Strategy Analysis of the console market – part 1: key success factors


Ok, after the short introduction of the last post, let’s start with the first part of our analysis.

In order to highlight the different strategies of the 3 competitors, it’s necessary to take a look at the market, analysing the key success factors of the whole sector and trying to understand which company got the best from each factor.
Of course:

  1. we are not going to say which strategy is the best one, at least not now;
  2. it’s likely that you will find something missing form my list. If so, please feel free to add your comments to this post.

I’ll proceed with an alphabetical order, simply because none of these factor can be considered better than the others: the secret is within the ability to put in place a COHERENT strategy, without the need to be the best in each sector.

It’s a tautology, but the brand is important. 10 years ago, before the advent of the Playstation, we can say that Nintendo and SEGA were synonyms of “console videogames”. If you followed the link in my introductive post, you already know why SEGA is not on the scene anymore.

When Sony decided to “attack” the console market, they pushed on marketing, on brand valorisation, on advertising. They made a lot of investments to become popular in this market too. And they were successful.
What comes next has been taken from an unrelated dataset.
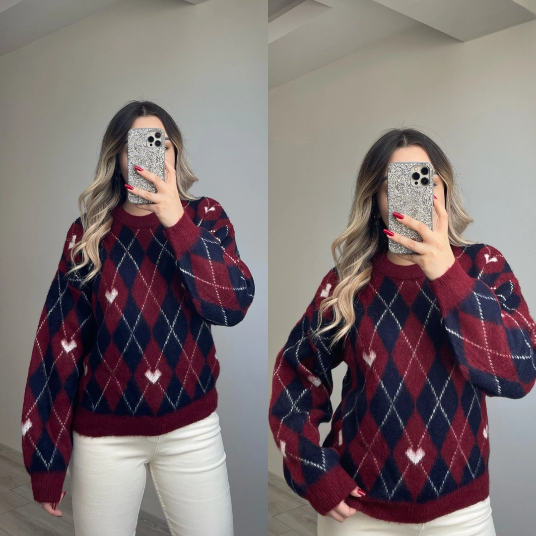 Kalp Detaylı Bordo Lacivert Baklava Kazak

The same did Microsoft 5 years ago, with their first XBOX.

Nintendo strategy was different and the result was that both the XBOX and the Playstation brand became really popular. Nintendo lost some of their popularity, but thanks to the portable console segment they were able to “survive”.

Now, in 2007, these 3 competitors can count on greats and strong brands, which makes really unlikely the arrival of new comers.

Costs are critical. Even if we are talking about big companies, this aspect should be taken into consideration not to transform a well-done strategy into a failure.
Nintendo kept the productive costs low, so to make revenues from each console sold and at the same time being aggressive on the price.
Microsoft did a long-time strategy. Their console cost more, but they took advantage from being the first in the market. Unfortunately their hardware is not reliable, obliging the company to spend a lot in free assistance.
Sony did the worst: they produced an expensive console, with expensive components.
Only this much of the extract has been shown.